Risk Costs May Ultimately Be Passed on to Consumers
"The amount is not what matters. The moment we accept the penalty, we become a greedy bank exchanging information for greater profits. All we did was comply with the financial authorities' administrative guidance for household debt management."
This is the lament of a banking industry insider in response to the Korea Fair Trade Commission imposing a total fine of 272 billion won on the four major commercial banks (KB Kookmin, Shinhan, Hana, and Woori), accusing them of colluding over the loan-to-value (LTV) ratio.

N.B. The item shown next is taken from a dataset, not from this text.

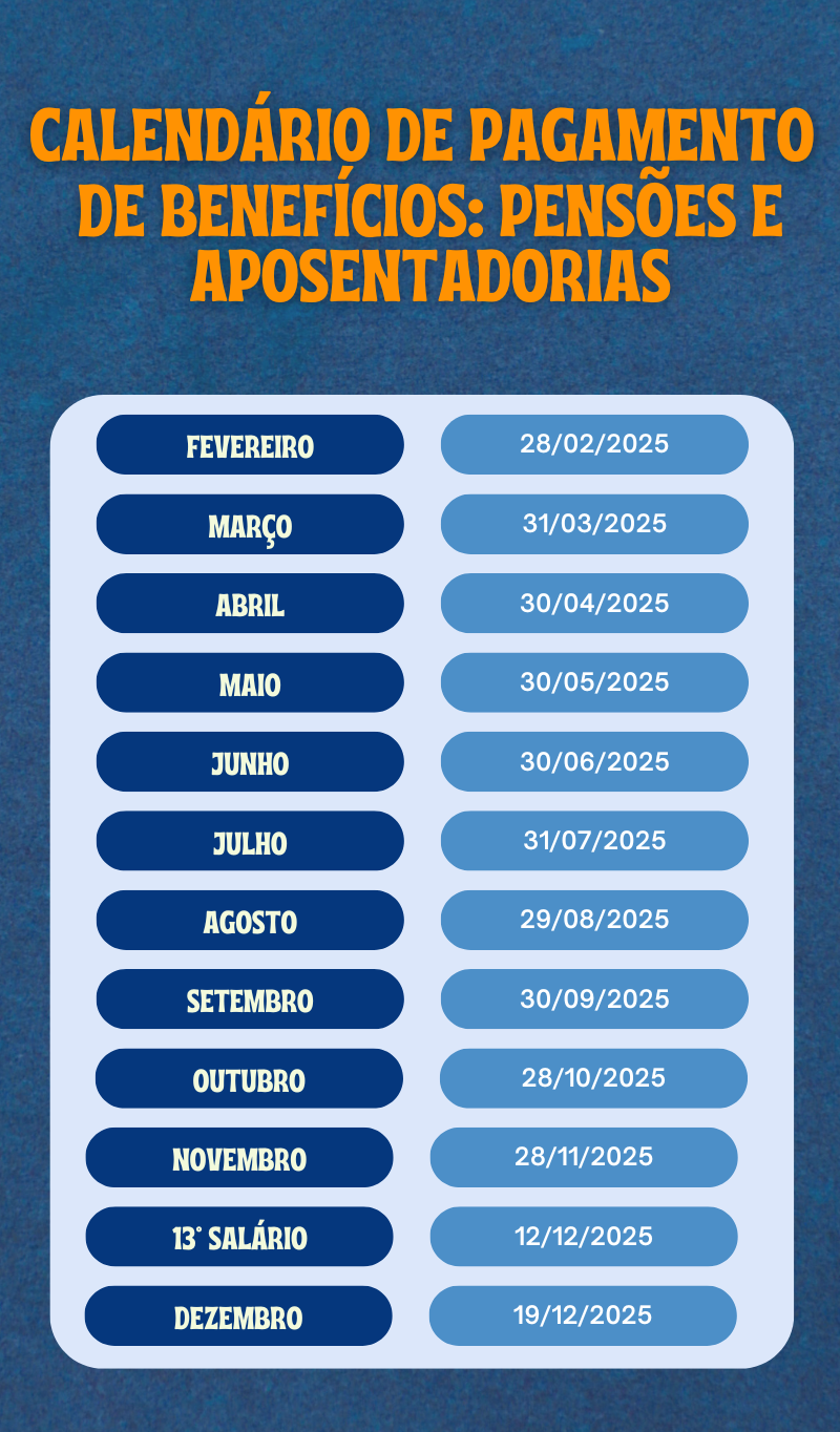Calendário de pagamento de benefícios de pensão e aposentadoria do ano de 2025

The Fair Trade Commission determined that the four banks had colluded by sharing LTV information and lowering the LTV ratio by about 10 percentage points, thereby restricting loan limits. For information exchange to be recognized as collusion, the banks must have benefited from the act. In reality, however, their interest income decreased. The Fair Trade Commission argued that by setting a lower LTV, banks reduced loan amounts but induced customers to take out additional unsecured loans, thereby earning extra interest income. However, consumers had the option to choose other financial institutions that offered higher LTVs. Above all, using unsecured loans was a voluntary decision by consumers; it is difficult to argue that banks forced them to do so.
Even setting aside the Fair Trade Commission's excessive interpretation of collusion, the banks' sense of unfairness is understandable. The LTV ratio is a policy tool designed by the Financial Services Commission for macroprudential purposes and is supervised by the Financial Supervisory Service. In other words, LTV information itself should be regarded as a financial risk management tool. Moreover, considering that the financial authorities repeatedly summoned vice presidents of the banks to hold meetings on household debt management, the sharing of LTV information among banks is closer to a 'cooperative act' aimed at achieving the policy goal of managing household debt.
The Fair Trade Commission's decision is also out of step with global trends. The European Union, the United Kingdom, and Australia, for example, encourage the sharing of LTV information for consumer protection and risk management purposes. They view information sharing not as a means of restricting competition, but as a public good that benefits consumers. There is a saying, "A sword is most frightening when it remains in its sheath." We have already seen, in the case of the negotiable certificate of deposit (CD) interest rate, the negative impact on the market when the Fair Trade Commission, wielding such power, abuses it. Despite investigating for four years, the Fair Trade Commission ultimately found no evidence and cleared the case, but the costs of risk management and uncertainty during that period were borne entirely by the banks and consumers.
This latest penalty not only imposes a direct cost of 272 billion won on the four major banks, but also leaves a structural burden by requiring them to reflect approximately 1.632 trillion won in operational risk as risk-weighted assets (RWA) over the next ten years. If risk management activities for financial stability and consumer protection are retroactively defined as collusion at a time when the new administration is demanding both productive finance and qualitative management of household debt, banks will have no choice but to respond with more conservative business practices. Ultimately, these costs are likely to be passed on to consumers once again.
The sword that corrects the order of competition must not become a weapon that severs the lifeblood of the financial system. The Fair Trade Commission must carefully consider whether what truly needs protection is competition itself or the foundations and trust that make competition possible in the market.